# Bleigießen fast geschenkt !!!!



## Ferry (27. Januar 2004)

Hallo Angelfreunde,

jeder von euch kennt die Problematik mit dem Grundblei. Oft sind die Bleie zu teuer und für gewisse Preise nur in äußerst geringen Stückzahlen zu haben. An Flüssen hat man zudem das Problem, dass mit jedem Hänger auch das Blei verschwunden sein könnte, was den Geldbeutel strapaziert auf Dauer. Auch kommt es bei den meist runden Formen dazu, dass die Strömung runde Bleie auf dem Gewässergrund „ kullern „ lässt. Ich habe nach ettlichen Versuchen mit unprofessionellen Methoden, wie Muttern, Radauswuchtgewichten usw. als Ersatz für Grundblei mehr durch Zufall eine Alternative zur kostengünstigen Herstellung von Blei gefunden, wo jeder die Gewichtsklassen selber bestimmen kann bei der Herstellung.
Formen zu kaufen ist zwar auch nicht schlecht, nur hat man meisst nicht mehr wie 4-5 Gußnester zur Auswahl und die Gewichtsklassen stehen fest beim Guß. Zumahl die Formen recht teuer sind. Gips eignet sich nur, wenn er trocken gebrannt wurde sonst spritzt es beim gießen. 

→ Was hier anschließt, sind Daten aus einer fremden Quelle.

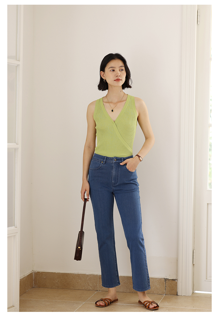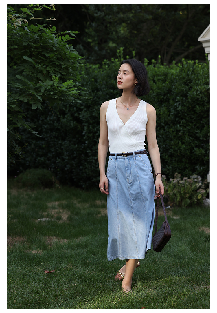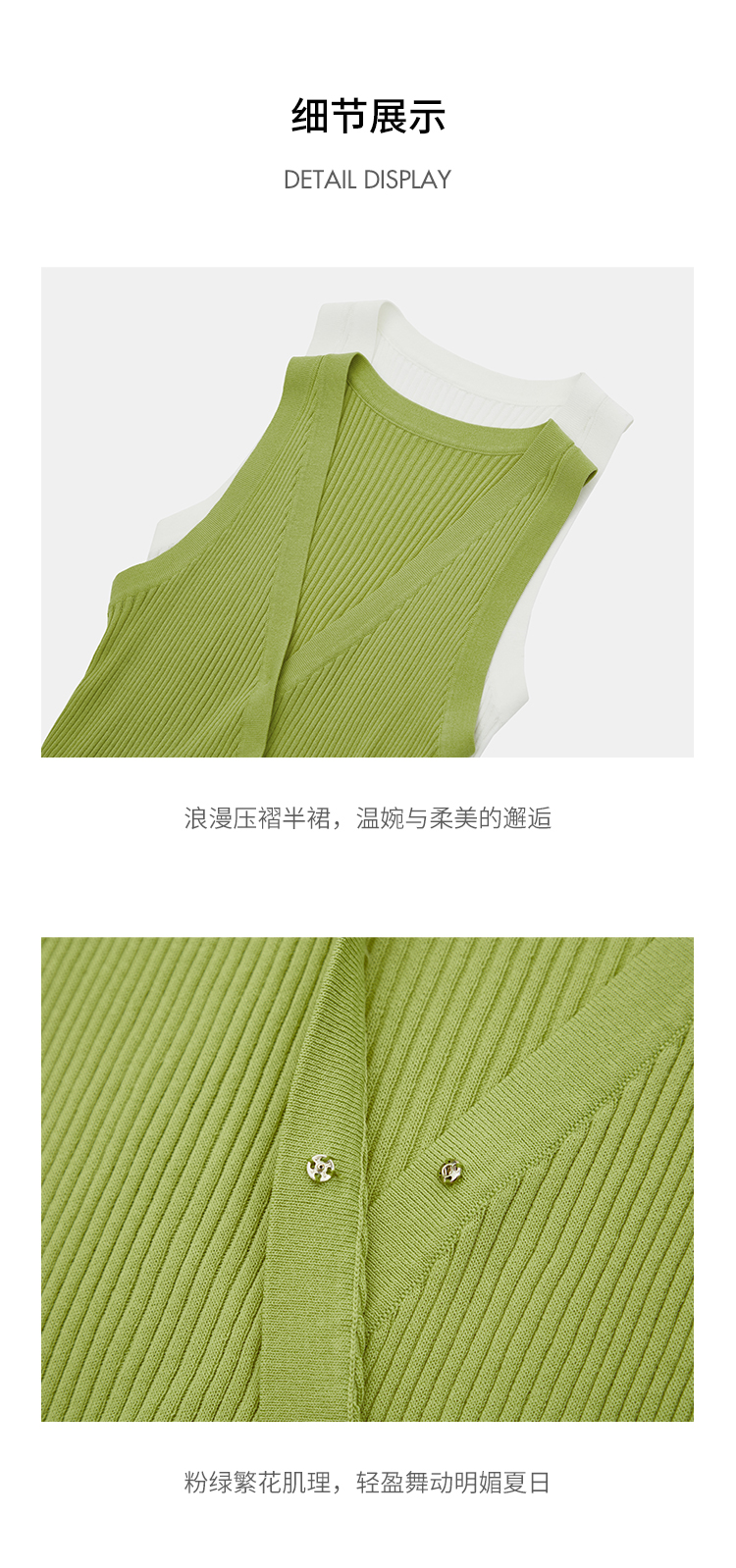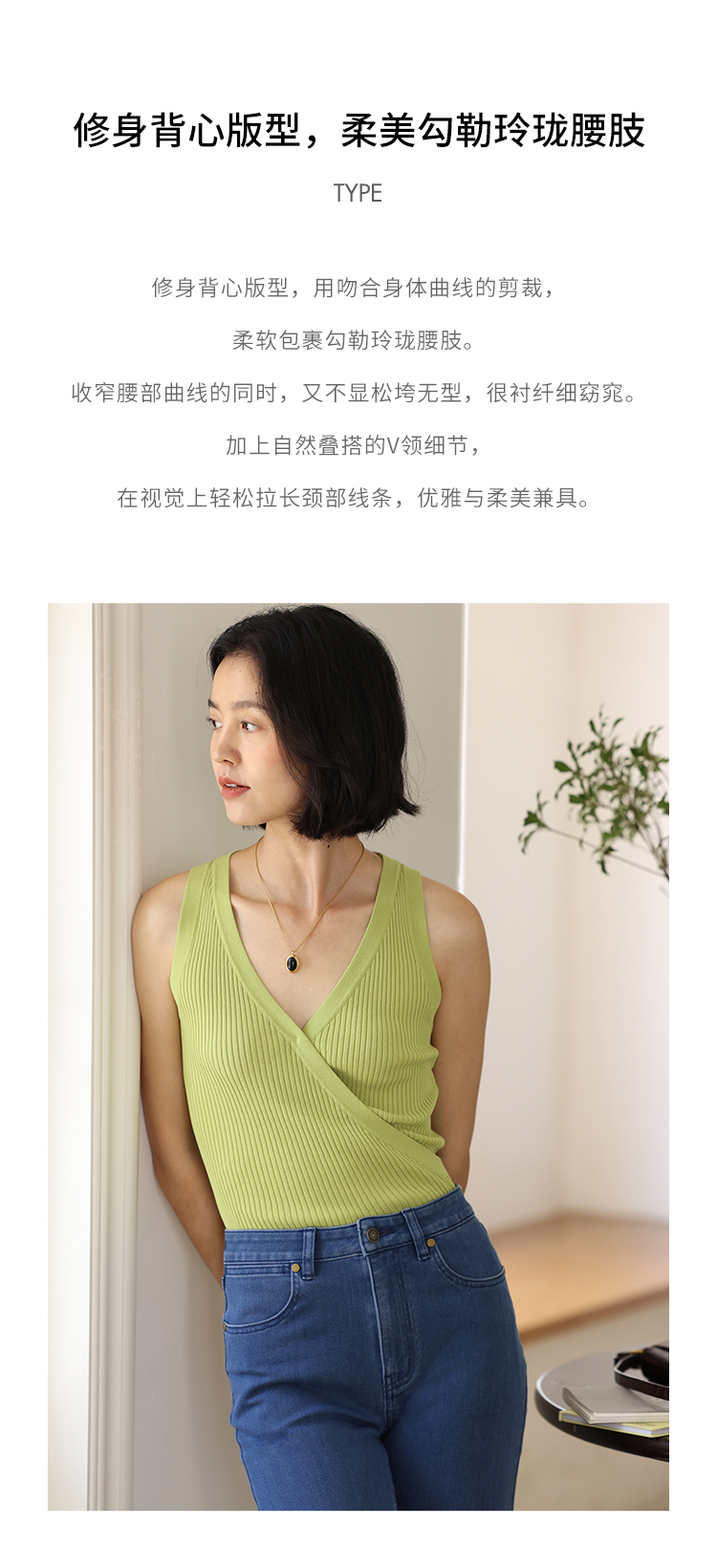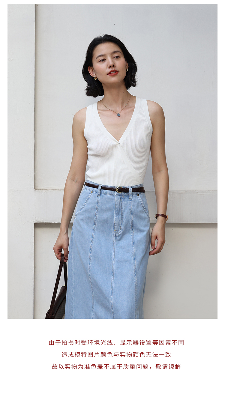 HeyDress法式V领吊带背心女夏季交叠设计感修身坑条无袖别致上衣

Die Form die ich gewählt habe ist in jedem Haushalt als Abfallprodukt vorhanden. Für meine Bleie, die ich gieße und nur noch verwende , nehme ich die Hüllen von Tee-Lichtern. Diese gibt es im 100er Pack für 3 Euro. Die Metallhülle der ehemaligen od. abgebrannten Kerzen sind optimal und als Einwegform sehr gut zu verwenden. Auch eignen sich hervorragend Verschlüsse von Schnaps -od. Bierflaschen ( Plaste entfernen innen! )
Das Blei hole ich mir vom Reifendienst, dort gibt’s genug für umsonst!
Zum erhitzen verwende ich einen Gasbrenner und einen alten Kochtopf von Muttern sowie eine Stahl – Soßenkelle zum schöpfen und gießen.

Mann kann beim Gießen (auch unter Verwendung einer Küchenwaage ) Gewichte ab 30g bis hin zu 250 g bei den kleinen und 600 g bei den großen Teelichtern herstellen.
Bei Schnapsflaschenverschlüssen geht’s von ca. 10g – 90 g als kleine Form. Optimal fürs Pickern.

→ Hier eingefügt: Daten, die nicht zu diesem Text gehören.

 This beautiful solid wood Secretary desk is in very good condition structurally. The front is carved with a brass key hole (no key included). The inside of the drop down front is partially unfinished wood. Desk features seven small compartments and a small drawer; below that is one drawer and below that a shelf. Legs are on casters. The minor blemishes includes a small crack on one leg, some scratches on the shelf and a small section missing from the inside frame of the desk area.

Die großen Bleie bis 300g verwende ich als Absenkbleie für Stellmontagen beim Welsangeln, damit die Schnur unter geht um keine Verluste durch Schiffahrt zu haben. 
Größere Gewichte eignen sich auch zum Downriggern.

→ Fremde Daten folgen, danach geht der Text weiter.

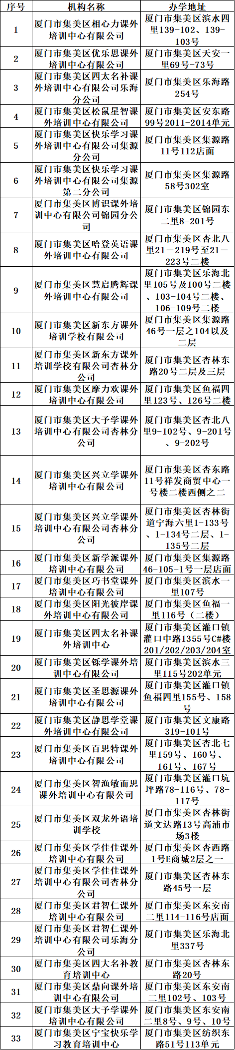 [font="]2月21日晚,集美区教育局对学科类校外培训机构开展抽查,[font="]发现集美区百分冠课外培训中心存在不规范办学行为。[font="]区教育局通报督导情况:[font="]1.疫情防控工作未落实到位;[font="]2.使用未经审核的培训教材;[font="]3.培训教室生均面积不足3平方米;[font="]4.在户外、楼宇等公共场所违规刊登校外培训广告,多次要求整改未落实。[font="]现责令集美区百分冠课外培训中心自即日起停业整改,整改完成后经集美区教育局重新审核后方可复课。集美区33所已注销校外培训机构名单公示[font="]集美区教育局通报说,[font="]33家校外培训机构已注销办学许可证,[font="]已终止办学或停止提供学科类培训服务。其办学许可证和印章自然废止,[font="]不再具备学科类培训的办学资质,不得再从事任何学科类培训活动。
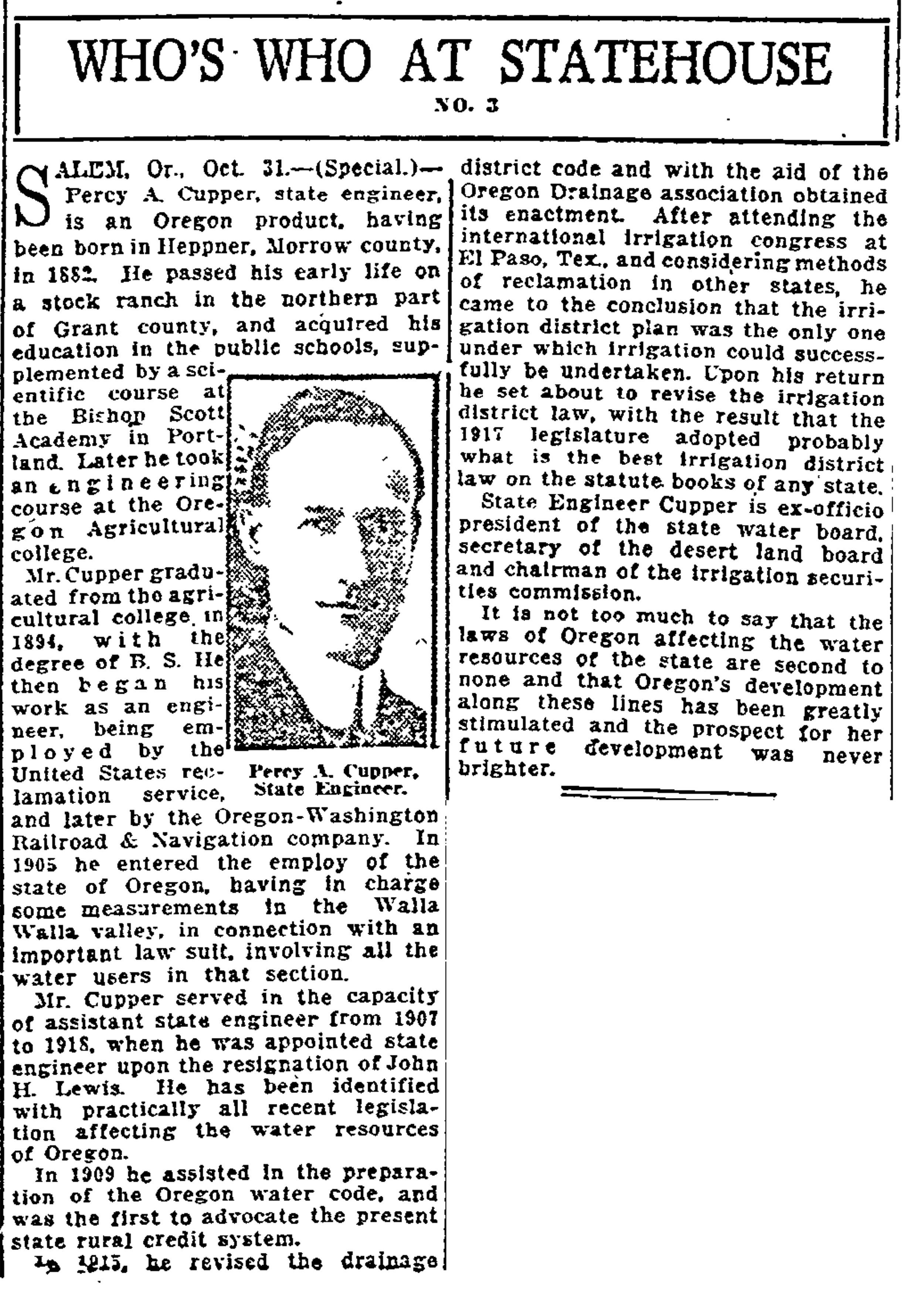 With degrees in engineering and law, Cupper quickly became one of the most successful consultants and water lawyers in the state. His expertise and reputation led him back to work for the State of Oregon as a deputy to the state engineer. By 1918, he was the state engineer, with responsibility for monitoring irrigation projects begun under the federal Carey Act. In that capacity, he served as secretary of the Desert Land Board.

Die Herstellung ist ganz einfach. Man biegt einen Nirodraht ( VA – hat fast jede Schlosserei als Schweißdraht ) ,schneidet knapp die doppelte Länge des Durchmessers der Form ab und biegt eine enge V-Form oder Öse. Diese wird je nach Einfüllhöhe des Gießblei durch die Metallhülle des Teelichtes gesteckt und dann Blei in die Hülle gegossen. ( Probieren wg. Gewicht ! )  Dabei ist es egal ob noch ein bisschen Restwachs in der Form ist. Nach dem Abkühlen entfernt man die Metallhülle und dem  Rohblei steht der weiteren Verarbeitung wie Lackieren und Gewichtsangabe nichts mehr im Wege.

Durch die flache Form liegen die Bleie wie angesaugt am Grund und haben eine Art Lifteffekt beim Anhieb. Ausserdem verhaken sich nicht so sehr bei Hindernissen. Auch die Flugeigenschaften sind absolut überzeugend. 

Probiert es einfach mal aus!


Hängerfreie Angeltörns wünscht euch Clemens & Conrad(mein Jr.)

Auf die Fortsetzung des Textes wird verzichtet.